Suprarenal AAA 4 weeks after angiotensin-II (Ang-II) infusion in the apo-e^−/− mouse (top left) not present in a similar mouse treated with low-level laser irradiation (LLLI) (top right). Needle standard is 0.5 mm. Note hemorrhage into the wall in the macroscopic (upper left, arrow) and H&E section (lower left; arrow) of the suprarenal segment of a nontreated Ang-II-infused mouse. The immunofluorescent stained section (lower right) of the boxed-in area of transmural disruption shows marked infiltration of MAC-2+ macrophages (green) in the area of the fragmented media (red = α-actin positive smooth muscle cells). Reprinted with permission from Gavish et al., Lasers in Surgery and Medicine. 2012;44:664–674.

Figure 4.

Suprarenal abdominal aorta of LLL-treated Ang-II-infused apo-e^−/− mouse showing marked transmural disruption in the vicinity of the orifice of the superior mesenteric artery (SMA) with reactive fibromuscular hyperplasia appearing to wall off the medial defect preventing significant aneurysmal dilatation (top left and right; Movat pentachrome stain). Top right is a section immediately adjacent to that shown in the top left. Note the marked infiltration of inflammatory cells in the area of the disrupted media with macrophages and giant cells (arrow) at the site of fragmented elastic lamellae and injured smooth muscle cells. Lower panel shows the extensive collagen matrix formation in this reactive, “walling off” area (lower left = picrosirius red [PSR] stain for collagen in nonpolarized light; lower right = PSR stain viewed with polarized light).
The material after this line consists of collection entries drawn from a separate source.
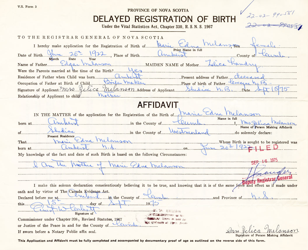 I hereby make application for the Registration of Birth of Marie EdnaMelanson Sex Female
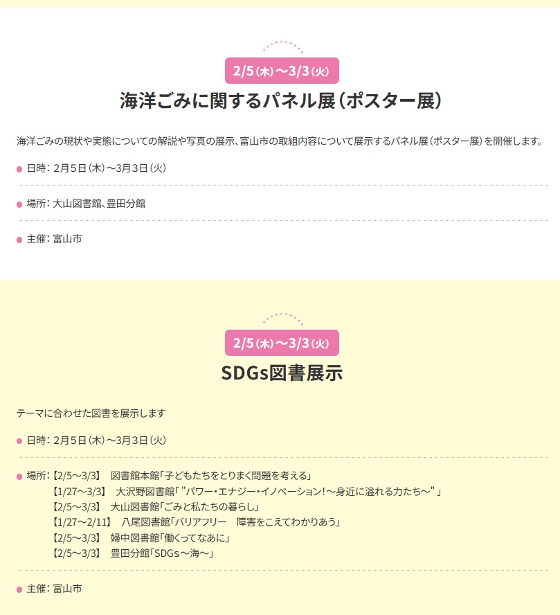 富山市立図書館では、豊田分館と大山図書館「海洋ごみに関するパネル展(ポスター展)」を開催するほか、一部の館でSDGsに関連した展示も開催します。
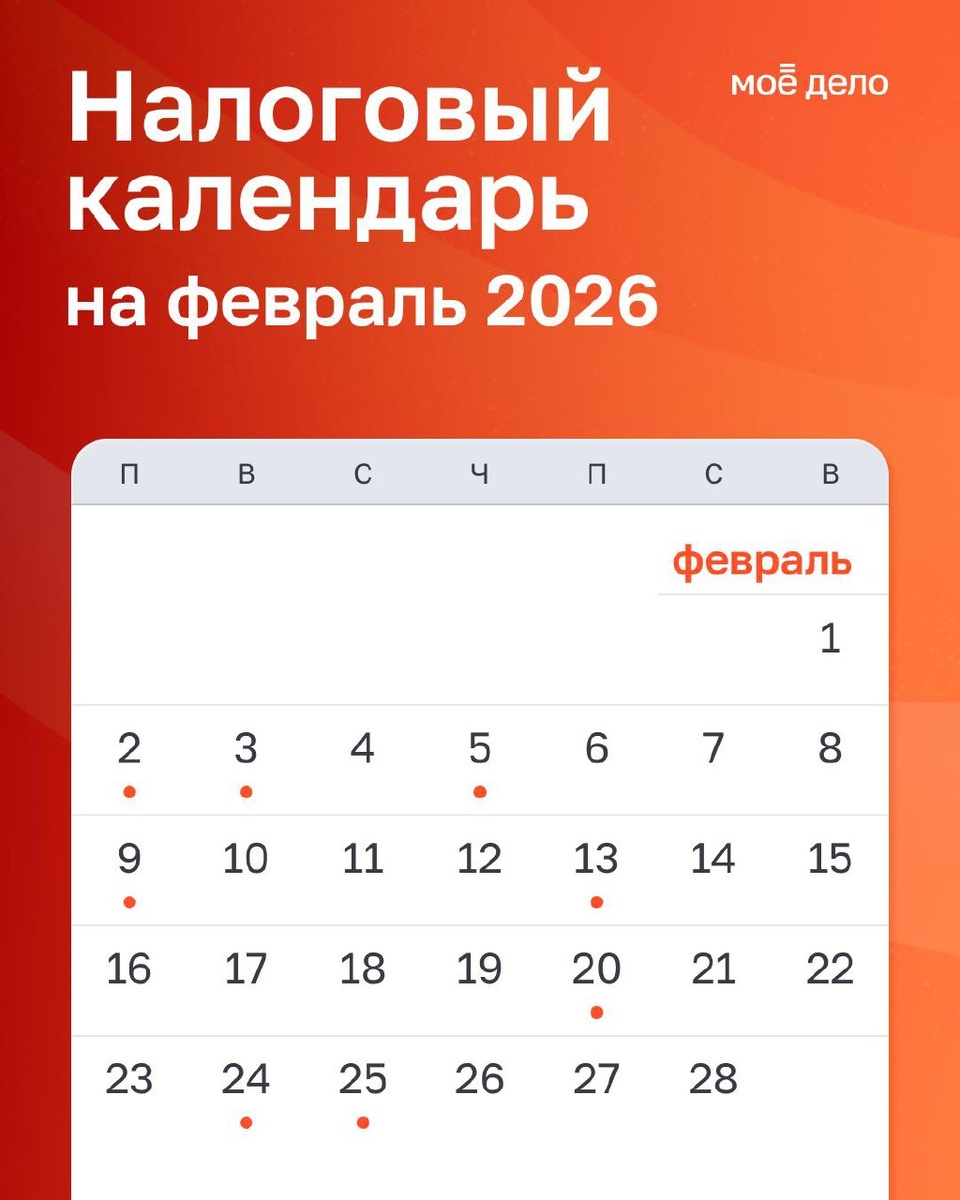 Задачи идут по плану, а налоговые сроки как всегда требуют внимания. Чтобы вы не держали в голове, что и когда сдавать, мы собрали налоговый календарь на февраль в привычном, удобном формате. Внутри, как всегда только полезное: 📅 ключевые даты – налоги, взносы, отчётность; 🔔 напоминания о каждом событии заранее; 📋 удобный формат – добавляется в телефон или компьютер за минуту. Выбирайте, как вам удобнее: — Открыть в Яндекс.Календаре 👉 https://clck.ru/3NyvSR — Скачать файл .ics 👉 https://clck.ru/3RY7Cz — Сохранить статью с пояснениями 👉 https://clck.ru/3RY7LZ Пусть февраль пройдёт спокойно: с понятными сроками и ощущением контроля над делами 🧡 Моё дело — ваш бухгалтерский партнёр на всём пути бизнеса.

Reprinted with permission from Gavish et al., Lasers in Surgery and Medicine 2012;44:664–674.

Figure 5.

Images of the porcine model of experimental AAA showing laparoscopic exposure of the infrarenal abdominal aorta (top left), periarterial insertion of gauze and application of CaCl₂ (top right), retroperitoneal insertion of angiotensin-II-filled osmotic minipump (bottom left), and closure of the peritoneum with the pump seen behind (bottom right).

Figure 6.

B-mode ultrasound before (top) and 4 weeks after (bottom) laparoscopic induction of AA(A). Left, Longitudinal views. Right, Cross-sections of infrarenal aorta at site of maximum cross-sectional diameter. This pig died from ruptured AAA at 5 weeks. A 5-9 MHz linear-array ultrasonographic probe is shown.

Figure 7.

Postmortem photographs of infrarenal abdominal aortic aneurysms in pigs at the site of laparoscopically delivered periaortic calcium chloride. Both pigs had angiotensin-II infusion and were fed an atherogenic diet. The aneurysmatic aorta on the left was excised at 6 weeks. The AAA on the right ruptured at 5 weeks.

Figure 8.

Left, Elemental analysis of porcine AAA by scanning electron microscopy (SEM) with electron dispersive spectrometery (EDS) showing calcium precipitates in the elastic lamellae. Right, top = Von Kossa-stained section showing calcium precipitates within the medial elastica as additionally confirmed with Movat pentachrome (bottom) that stains elastica black.

Figure 9.

Infrarenal porcine abdominal aorta 4 weeks after laparoscopically delivered periarterial CaCl₂ and angiotensin-II infusion by osmotic minipump inserted retroperitoneally by laparoscopy on the background of a 1-month high cholesterol, high fat diet. Top left, Relatively normal area adjacent to the site of calcium application (except for mild intimal hyperplasia). The remaining sections are from the site of aneurysm formation. Top middle, Marked disruption of the media with extensive fibromuscular hyperplasia (Movat). Top right, Transmedial disruption with fragmented elastica, neovascularization, RBC extravasation (H&E). Bottom left, Marked fragmentation of the elastic lamellae with infiltration of inflammatory cells including giant cells, some of which can be seen engulfing fragmented elastica (Movat). Bottom middle, Injury and depletion of smooth muscle cells with replacement by intercellular matrix (yellow) (Movat). Bottom right, Marked disruption of the media with fibrous tissue proliferation, neovascularization, and intramural extravasation of red blood cells (Movat).